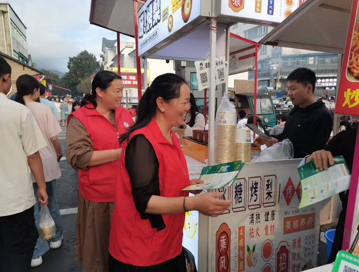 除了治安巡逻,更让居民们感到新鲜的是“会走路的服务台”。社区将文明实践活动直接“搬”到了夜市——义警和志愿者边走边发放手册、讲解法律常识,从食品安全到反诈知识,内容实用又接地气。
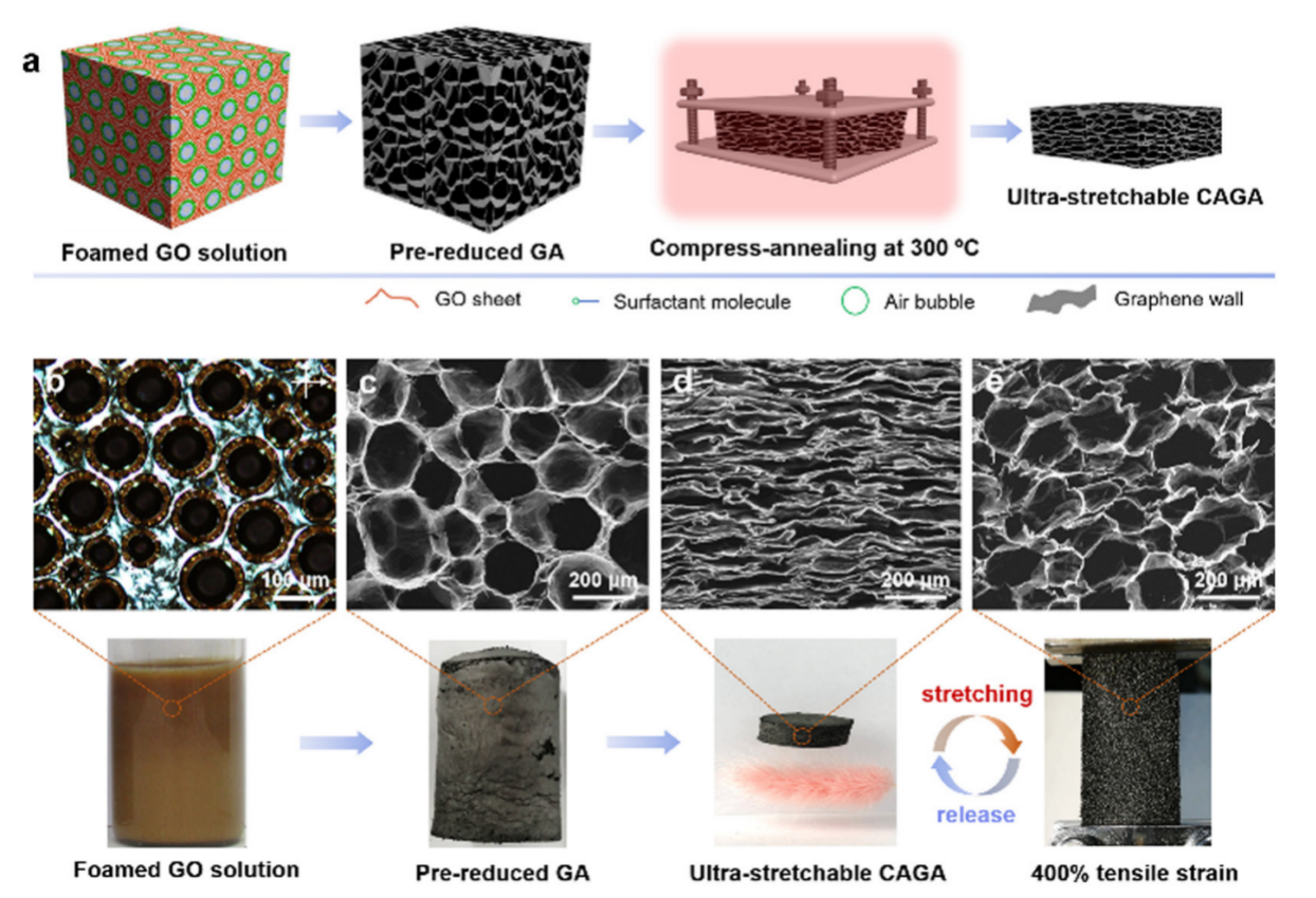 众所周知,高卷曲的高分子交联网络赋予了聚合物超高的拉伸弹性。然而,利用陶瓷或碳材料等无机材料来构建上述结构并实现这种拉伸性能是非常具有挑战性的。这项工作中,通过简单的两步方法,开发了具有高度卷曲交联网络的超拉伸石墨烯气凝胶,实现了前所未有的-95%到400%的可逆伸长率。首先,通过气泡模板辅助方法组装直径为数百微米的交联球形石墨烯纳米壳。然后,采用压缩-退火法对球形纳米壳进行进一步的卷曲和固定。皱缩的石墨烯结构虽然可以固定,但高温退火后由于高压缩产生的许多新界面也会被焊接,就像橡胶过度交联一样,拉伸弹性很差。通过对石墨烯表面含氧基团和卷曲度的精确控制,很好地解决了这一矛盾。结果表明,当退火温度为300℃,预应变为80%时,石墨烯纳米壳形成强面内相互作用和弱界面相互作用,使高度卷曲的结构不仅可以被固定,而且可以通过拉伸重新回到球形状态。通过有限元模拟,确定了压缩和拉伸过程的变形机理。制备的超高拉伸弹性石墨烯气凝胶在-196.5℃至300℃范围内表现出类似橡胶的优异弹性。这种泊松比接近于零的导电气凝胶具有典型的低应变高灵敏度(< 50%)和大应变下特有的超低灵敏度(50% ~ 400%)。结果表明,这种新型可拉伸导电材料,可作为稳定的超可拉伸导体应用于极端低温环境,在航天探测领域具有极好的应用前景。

...

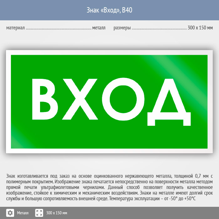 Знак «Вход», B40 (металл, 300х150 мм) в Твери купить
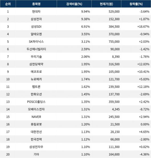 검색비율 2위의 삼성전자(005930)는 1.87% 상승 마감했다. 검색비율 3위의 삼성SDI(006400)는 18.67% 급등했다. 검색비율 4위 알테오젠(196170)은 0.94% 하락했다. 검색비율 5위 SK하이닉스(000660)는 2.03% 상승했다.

What the task requires:
Copy the lines above exactly, starting with the line that contains "в Твери купить" and ending with the line that contains "검색비율 2위의 삼성전자(005930)는", and leave out any pictures.

Result of the exercise:
 Знак «Вход», B40 (металл, 300х150 мм) в Твери купить
 검색비율 2위의 삼성전자(005930)는 1.87% 상승 마감했다. 검색비율 3위의 삼성SDI(006400)는 18.67% 급등했다. 검색비율 4위 알테오젠(196170)은 0.94% 하락했다. 검색비율 5위 SK하이닉스(000660)는 2.03% 상승했다.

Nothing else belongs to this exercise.